▶ [Exercise directions]: A faithful copy is needed of the lines below from the one with "vepřová žebra 300g, křen, hořčice, kozí" up to and including the one with "первый это карнавал"; set it down with no pictures and no other lines.

★ ★ ★ ★

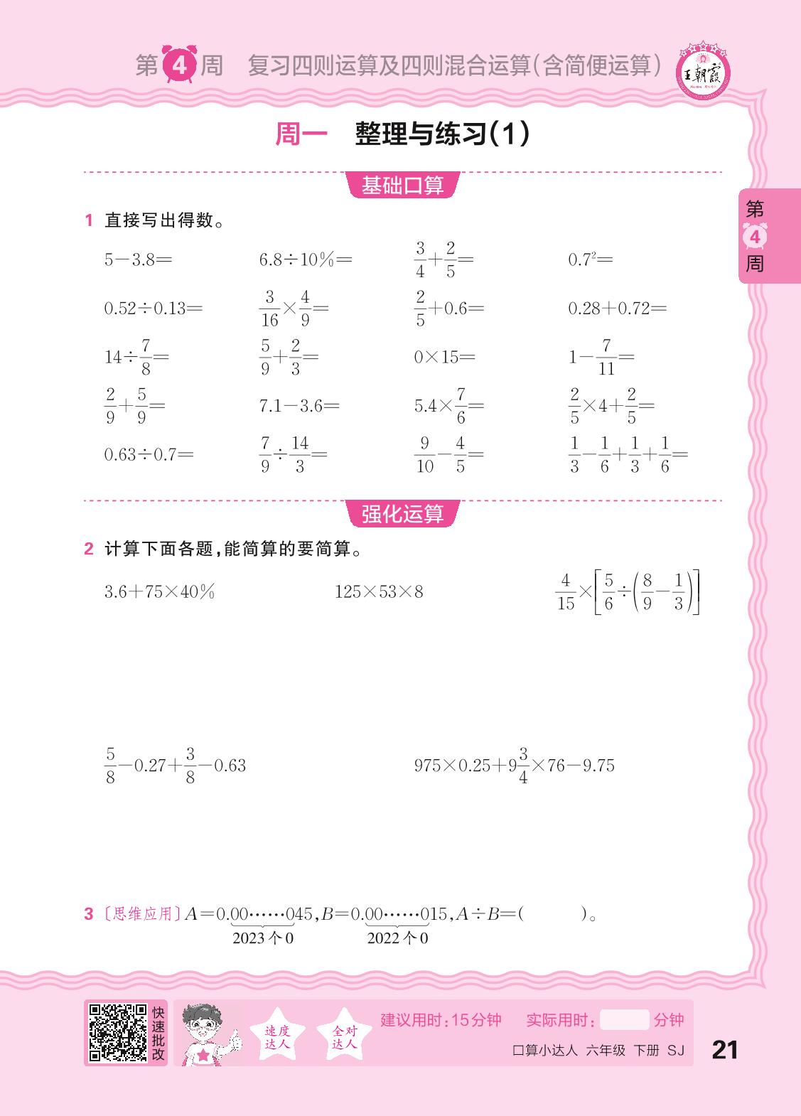 2024春下册六年级数学苏教版 口算计算专练 第4周
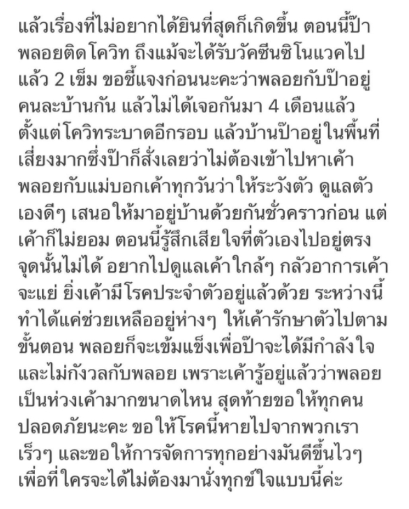 “แล้วเรื่องที่ไม่อยากได้ยินที่สุดก็เกิดขึ้น ตอนนี้ป๊าพลอยติดโควิด ถึงแม้จะได้รับวัคซีนซิโนแวคไปแล้ว 2 เข็ม ขอชี้แจงก่อนนะคะว่าพลอยกับป๊าอยู่คนละบ้านกัน แล้วไม่ได้เจอกันมา 4 เดือนแล้ว ตั้งแต่โควิดระบาดอีกรอบ แล้วบ้านป๊าอยู่ในพื้นที่เสี่ยงมาก ซึ่งป๊าก็สั่งเลยว่าไม่ต้องเข้าไปหาเขา
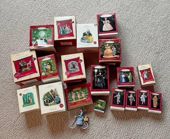 This is a set of 20 collectible Hallmark Wizard of Oz Christmas ornaments. All but one is in its original box, and all are in excellent condition. Some light up, some talk, some play music, and all are beautiful!
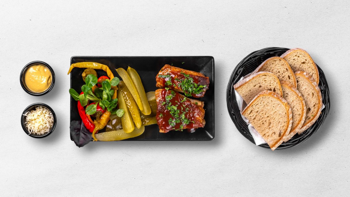 vepřová žebra 300g, křen, hořčice, kozí rohy, čerstvý chléb
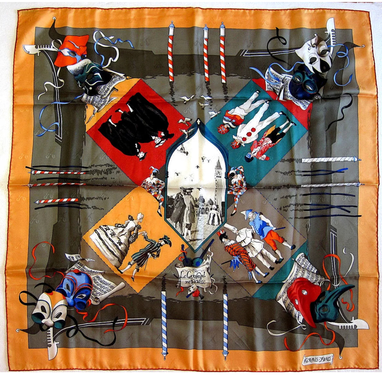 первый это карнавал в венеции:) а вообще просто пересмотрите все платки hermes в том же ебей и удивитесь, я каждый раз поражаюсь, казалось бы все видела, а нет этих дизайнов тысячи и на любой вкус один краше другого. А китайцы они делают руками, а не мозгами:) поэтому банально все идеи слизывают:)
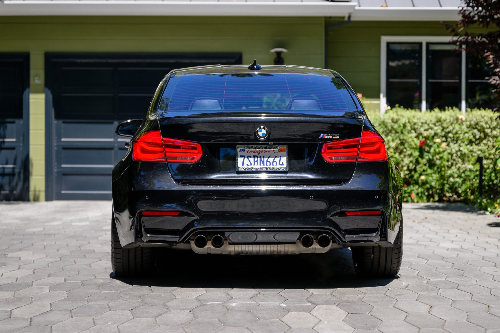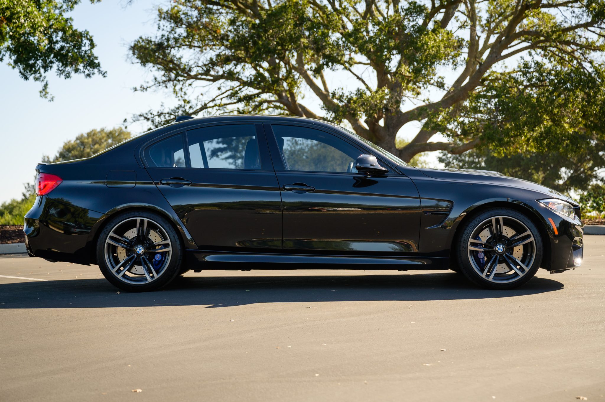 This 2016 BMW M3 sedan is finished in Black Sapphire Metallic over black Merino leather upholstery and powered by a twin-turbocharged 3.0L inline-six mated to a six-speed manual transmission and a limited-slip differential. Equipment includes 19″ style 437M wheels, adaptive xenon headlights, a heated steering wheel, a rearview camera, headlight washers, Park Distance Control (PDC), a head-up display, heated front and rear seats, a Harman Kardon sound system, and an iDrive infotainment system with navigation. The car was purchased new by the seller at BMW of Mountain View in California, and recent work consisted of changing the oil and replacing the cabin and intake air filters. This F80 M3 has 29k miles and is now offered at no reserve with service records, a window sticker, manufacturer’s literature, two key fobs, a clean Carfax report, and a clean California title in the seller’s name. The car is finished in Black Sapphire Metallic (475) and is equipped with M3-specific bodywork consisting of flared fenders, vented front fenders, revised front and rear bumper covers, a rear lip spoiler, a carbon-fiber roof panel, and aerodynamic wing mirrors. Aftermarket exhaust finishers have been fitted, and additional details include adaptive xenon headlights, Shadowline trim, Park Distance Control, and a rearview camera. The wiper blades were replaced in May 2022. Style 437M 19″ wheels are mounted with 255/35 front and 275/35 rear Michelin Pilot Super Sport tires showing 2021, 2020, and 2019 date codes. The car is equipped with Dynamic Stability Control (DSC), and braking is handled by blue M-branded calipers over cross-drilled rotors at all four corners. The brake fluid was flushed in July 2021, and the wheels were reportedly refinished in May 2022. The 10-way power-adjustable heated front seats are trimmed in black Merino leather and are complemented by color-coordinated door panels and carpeting. Amenities include heated rear sets, Comfort Access keyless entry, cruise control, dual-zone automatic climate control, carpeted floor mats, a head-up display, a Harmon Kardon surround sound system, ambient lighting, and an iDrive infotainment system with navigation. A replacement cabin air filter was fitted in May 2022. A leather-wrapped multifunction steering wheel features tri-color stitching and frames a 200-mph speedometer, a tachometer with a 7,500-rpm redline, and auxiliary gauges. The digital odometer indicates 29k miles, all of which were added under current ownership. The twin-turbocharged 3.0L inline-six features double-VANOS variable valve timing and was factory rated at 425 horsepower and 406 lb-ft of torque. Service in May 2022 included changing the oil and replacing the air filter. Power is delivered to the rear wheels via a six-speed manual transmission and a limited-slip differential. The rear differential fluid was replaced in July 2021. The window sticker shows initial delivery to BMW of Mountain View in California, along with factory colors, equipment, options, and a total suggested retail price of $72,175. The Carfax report shows no accidents or other damage and lists registration history in California.

★ ★ ★ ★

▶ [Result of this task]:
 vepřová žebra 300g, křen, hořčice, kozí rohy, čerstvý chléb
 первый это карнавал в венеции:) а вообще просто пересмотрите все платки hermes в том же ебей и удивитесь, я каждый раз поражаюсь, казалось бы все видела, а нет этих дизайнов тысячи и на любой вкус один краше другого. А китайцы они делают руками, а не мозгами:) поэтому банально все идеи слизывают:)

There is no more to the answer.